- **Exercise prompt**
Find the line that contains "-ปล าสลิดแดดเดียวล้างน้ำให้สะอาด หั่" in the entries below. Restate it and every line after it, word for word, with no pictures.

- **Dataset entries**
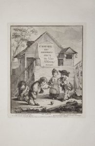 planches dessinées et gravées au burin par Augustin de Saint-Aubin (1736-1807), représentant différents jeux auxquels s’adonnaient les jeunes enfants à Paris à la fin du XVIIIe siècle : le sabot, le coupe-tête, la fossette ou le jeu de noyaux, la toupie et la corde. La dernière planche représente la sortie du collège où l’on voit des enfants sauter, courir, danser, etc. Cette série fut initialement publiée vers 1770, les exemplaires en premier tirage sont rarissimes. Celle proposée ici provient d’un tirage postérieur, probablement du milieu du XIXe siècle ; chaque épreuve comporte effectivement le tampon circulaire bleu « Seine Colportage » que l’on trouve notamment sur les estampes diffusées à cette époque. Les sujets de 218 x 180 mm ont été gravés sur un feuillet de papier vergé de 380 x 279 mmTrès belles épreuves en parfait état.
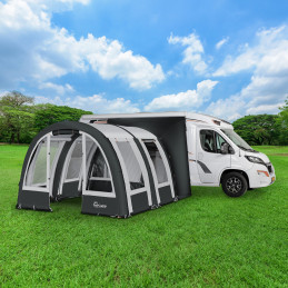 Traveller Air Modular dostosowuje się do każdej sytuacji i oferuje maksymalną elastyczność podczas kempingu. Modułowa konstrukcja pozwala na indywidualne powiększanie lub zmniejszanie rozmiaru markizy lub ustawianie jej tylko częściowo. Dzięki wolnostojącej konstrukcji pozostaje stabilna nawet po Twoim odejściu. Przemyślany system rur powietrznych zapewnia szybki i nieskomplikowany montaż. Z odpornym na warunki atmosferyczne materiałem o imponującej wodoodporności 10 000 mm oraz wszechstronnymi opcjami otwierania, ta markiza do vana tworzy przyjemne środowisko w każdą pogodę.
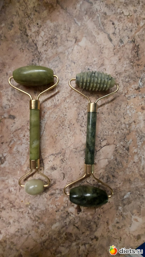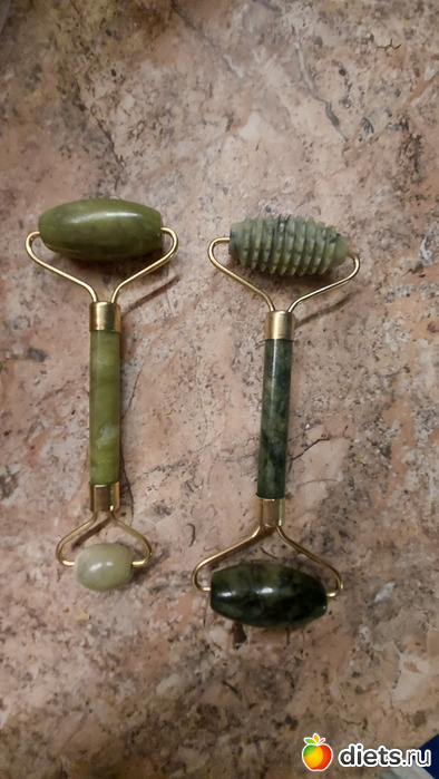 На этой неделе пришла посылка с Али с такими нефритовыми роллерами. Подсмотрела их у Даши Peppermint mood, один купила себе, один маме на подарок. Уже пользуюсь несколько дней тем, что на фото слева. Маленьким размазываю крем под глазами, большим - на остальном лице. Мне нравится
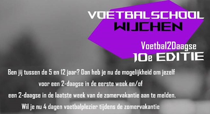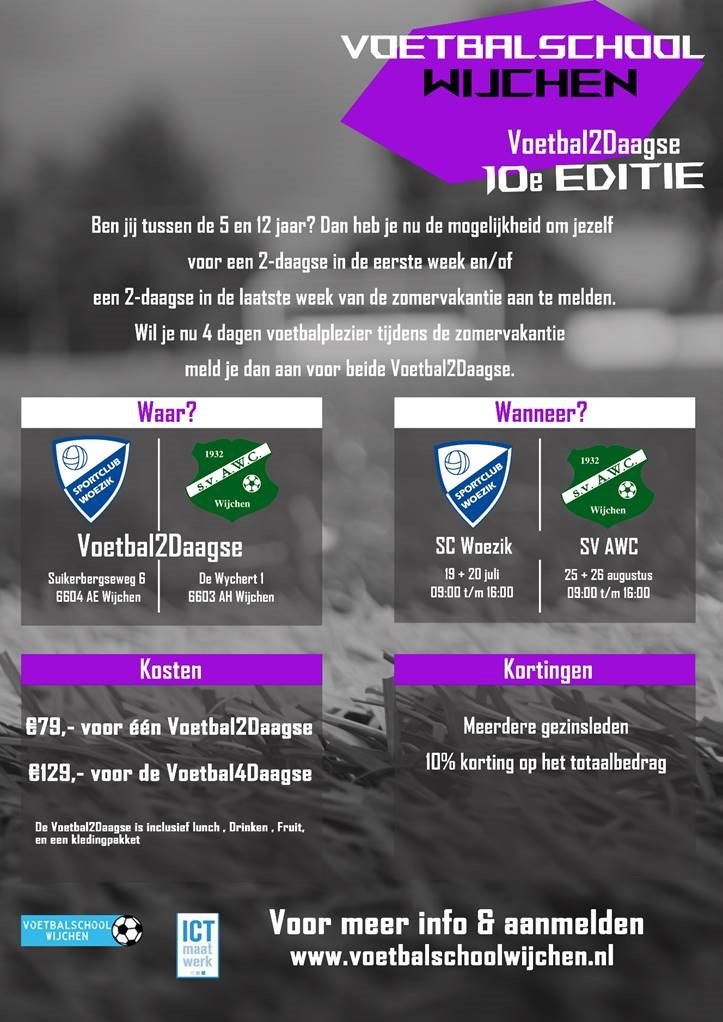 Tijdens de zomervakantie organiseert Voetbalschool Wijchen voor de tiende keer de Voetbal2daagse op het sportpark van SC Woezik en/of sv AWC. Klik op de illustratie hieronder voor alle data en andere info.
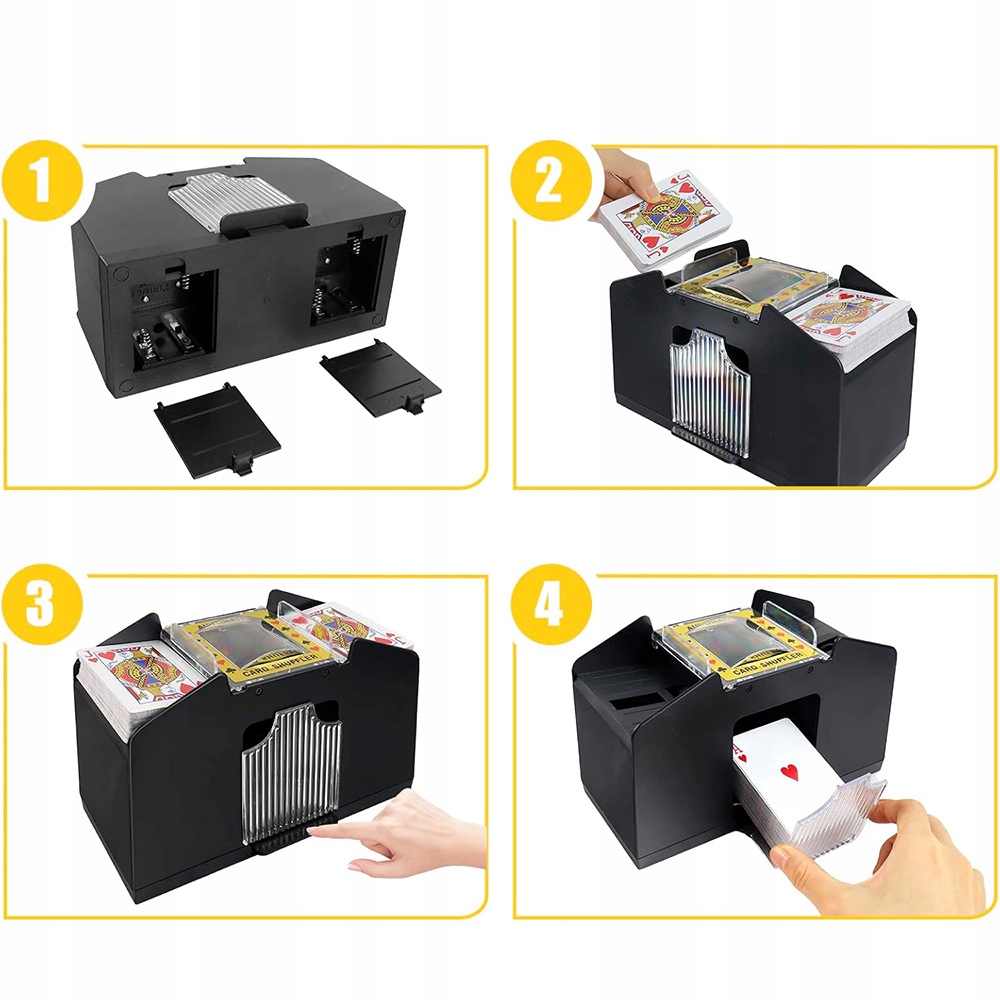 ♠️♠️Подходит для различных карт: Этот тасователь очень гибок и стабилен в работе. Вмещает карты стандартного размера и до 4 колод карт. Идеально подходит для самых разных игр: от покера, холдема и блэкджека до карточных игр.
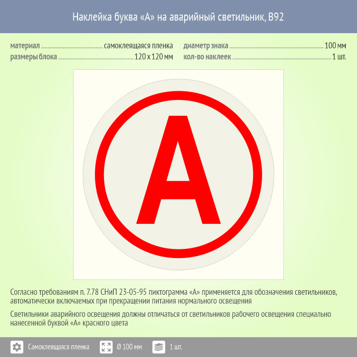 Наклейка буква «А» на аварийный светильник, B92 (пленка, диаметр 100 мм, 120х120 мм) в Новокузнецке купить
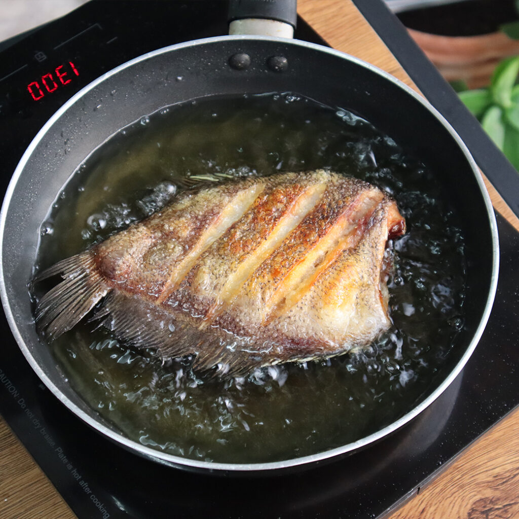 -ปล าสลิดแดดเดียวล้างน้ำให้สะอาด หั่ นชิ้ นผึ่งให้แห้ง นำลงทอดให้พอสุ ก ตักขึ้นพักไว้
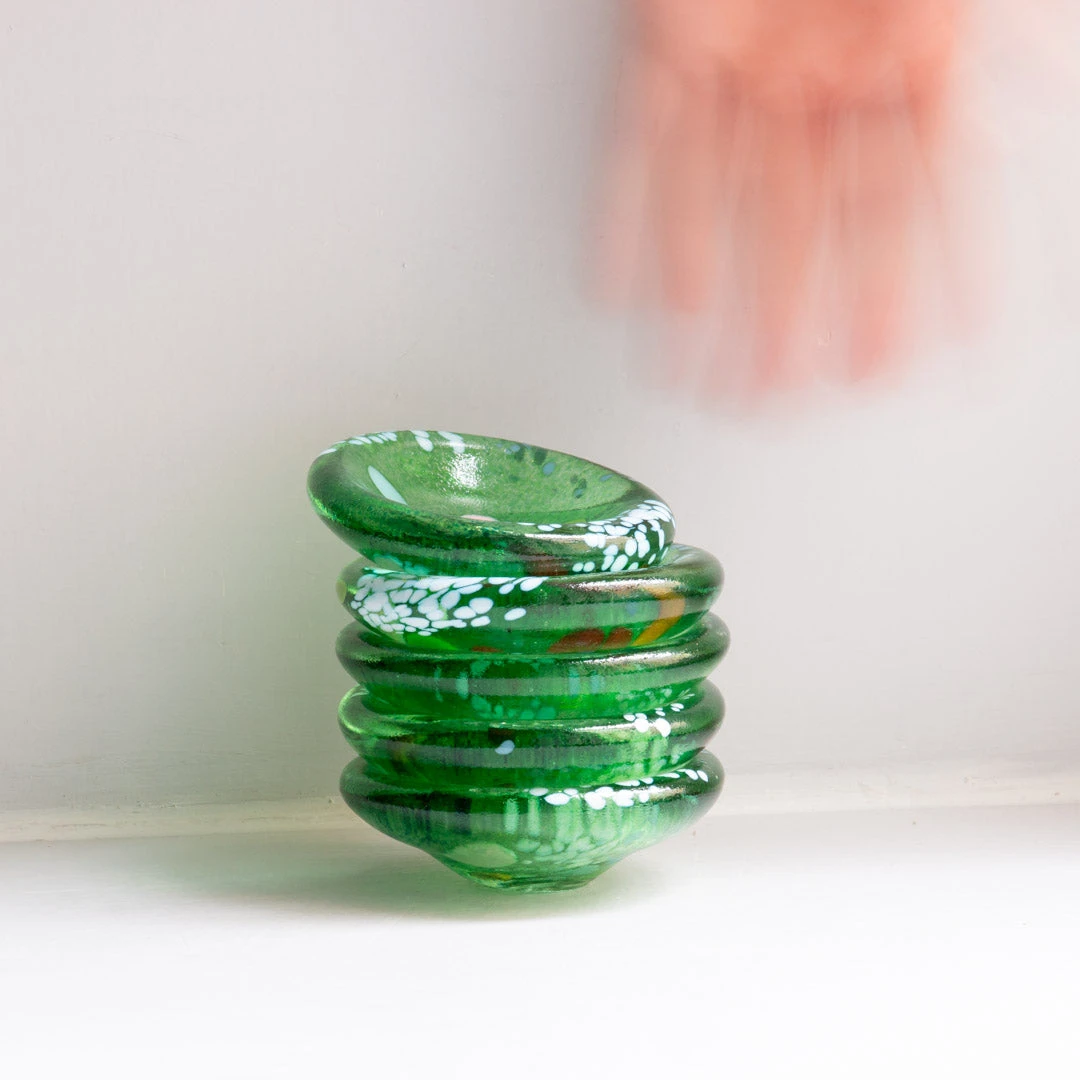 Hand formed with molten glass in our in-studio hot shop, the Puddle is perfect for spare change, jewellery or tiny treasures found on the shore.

- **Task response**
 -ปล าสลิดแดดเดียวล้างน้ำให้สะอาด หั่ นชิ้ นผึ่งให้แห้ง นำลงทอดให้พอสุ ก ตักขึ้นพักไว้
 Hand formed with molten glass in our in-studio hot shop, the Puddle is perfect for spare change, jewellery or tiny treasures found on the shore.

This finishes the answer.